JISCMail - TB-SUPPORT Archives

> The way the LHCb system works is to start up user-mode
> daemons on the WNs which then suck in jobs to run, so they
> may stay there a long time if you let them ... there are 15
> jobs idle at Oxford, they could well be all the monitoring jobs!

Gotcha.

> You seem to have only one queue with no limits on cpu time or
> wallclock time. It's probably more useful to have several
> queues with different limits - even an "infinite" queue
> should probably have some sort of limit. If you put maximum
> job limits on the long queues you limit the hogging from long
> jobs (although with 4 cpus you don't have a lot to play with).

PBS is setup the way the EDG installation guide told me to set it up.  I am
now trying to get a better configuration.  What I would like is:

1) To leave workq as a long queue but with an 8 hour wallclock limit.  Is
this sufficient given that the EDG sites are still in early stages
"development"?

2) Not allow more than two jobs from the same user (since we only have four
worker nodes at the moment), to avoid resource hogging.

3) Have a "test" queue with a CPU time limit of 1 minute, and wallclock
limit of 10 minutes.

4) Allow at any given time up to 10 test queue jobs to execute, regardless
of the number of active "workq" jobs.

5) Allow up to 4 "workq" jobs active at any one time, where 4 would be
updated to be the number of processors available.
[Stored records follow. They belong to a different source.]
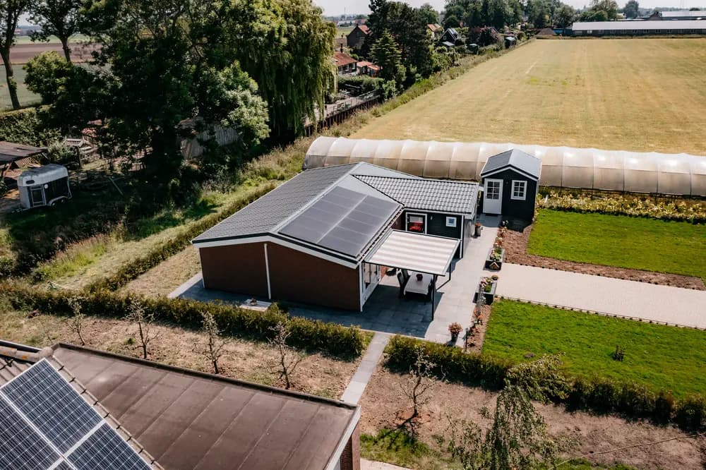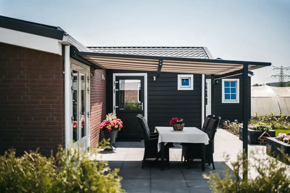 Deze mantelzorgwoning heeft een gevelbekleding gemaakt van steenstrips in combinatie met kunststof antraciet gevelbekleding.
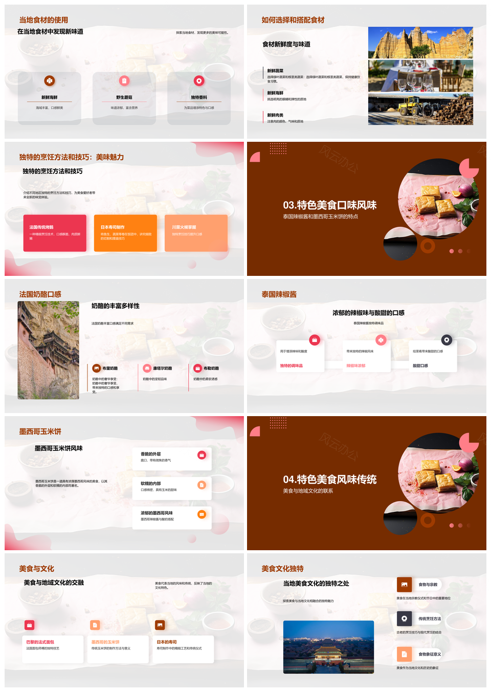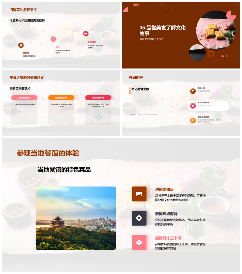 风云办公提供的世界美食家传统食旅巡游全球PPT模板,下载格式为pptx,一共23页,作品中文字及图均可以修改和编辑,图片更改请在作品中右键图片并更换,文字修改请直接点击文字进行修改。
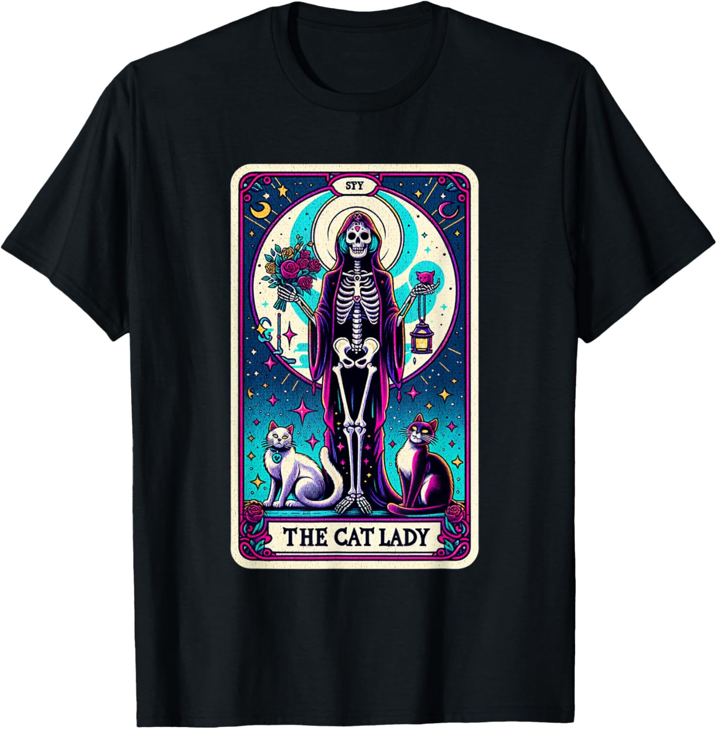 "The Cat Lady" Skeleton Tarot Card T-Shirt
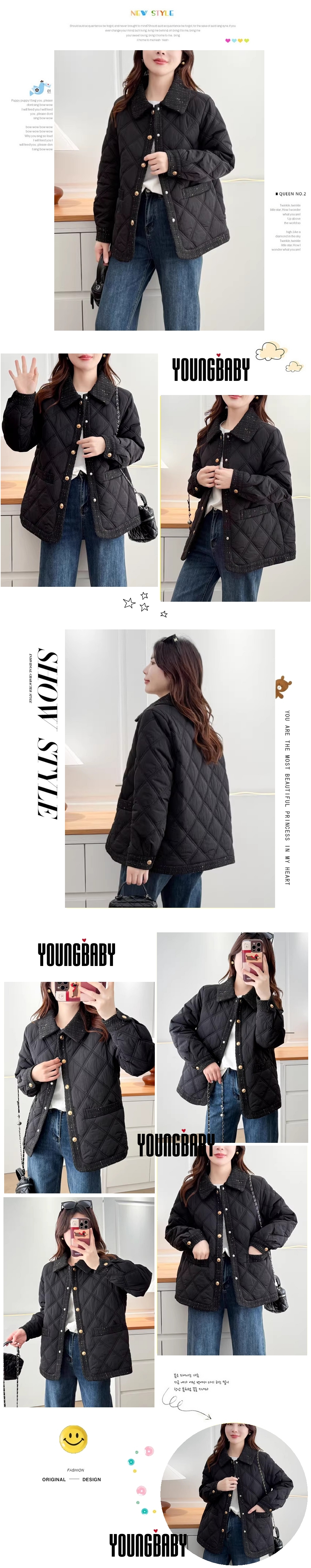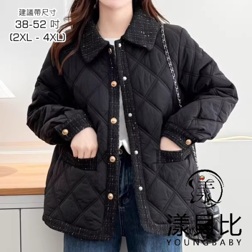 漾貝比【9155804】中大尺碼女裝 復古鑲邊菱格夾棉單排釦外套(38-52)
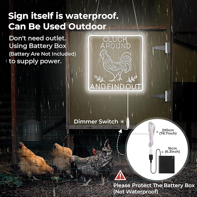 - 【Tip for Use This Rooster Lamp】USB powered or battery pack powered. The lighted sign itself is waterproof and can be used outdoors to add an extra sense of ambiance to your night. However, the included battery box is not waterproof. If you need to use the battery box for power, please protect it extra well. This chicken sign is a great conversation starter and perfect for adding personality to kitchen wall or chicken house,chicken coop.
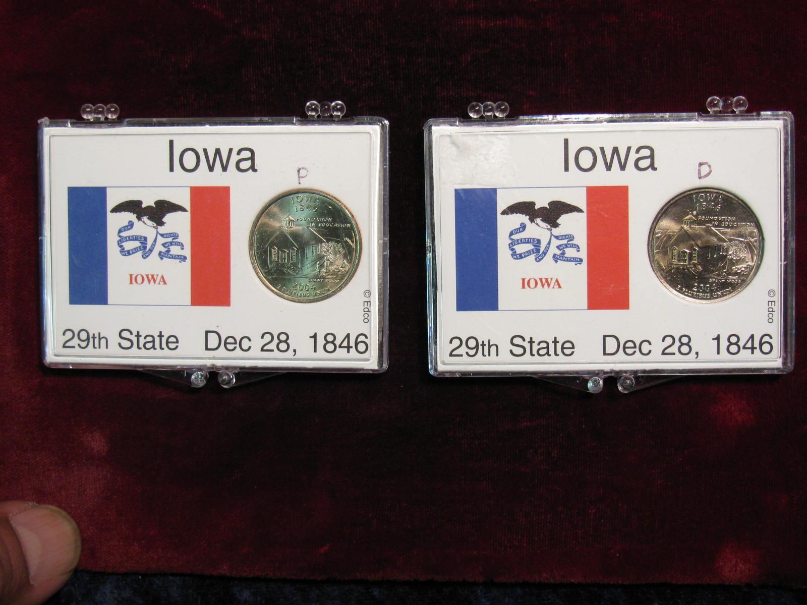 564. 2004 P & D Iowa Statehood Quarters In Display Cases. BU

The idea being that "test" queue jobs would have a very high chance of
executing right away, and could be used for monitoring purposes.  These
would be allowed to execute concurrently (on the same worker node) as the
long "workq" jobs.  "workq" jobs would be limited to one active job per
available worker node.

Now, is there any kind soul who will give an outline of the qmgr PBS
commands to set that environment up?

I am confused as to why the worker nodes show 1.0 load continuously for
several days, PBS reports that the jobs were submitted on Monday or Tuesday,
and yet qstat says they have only consumed 30 minutes (or even 30 hours...)
of CPU time.

Finally, what is the best way to get rid of these LHCb production jobs which
are probably going to stay there forever?

Cheers,

Ian.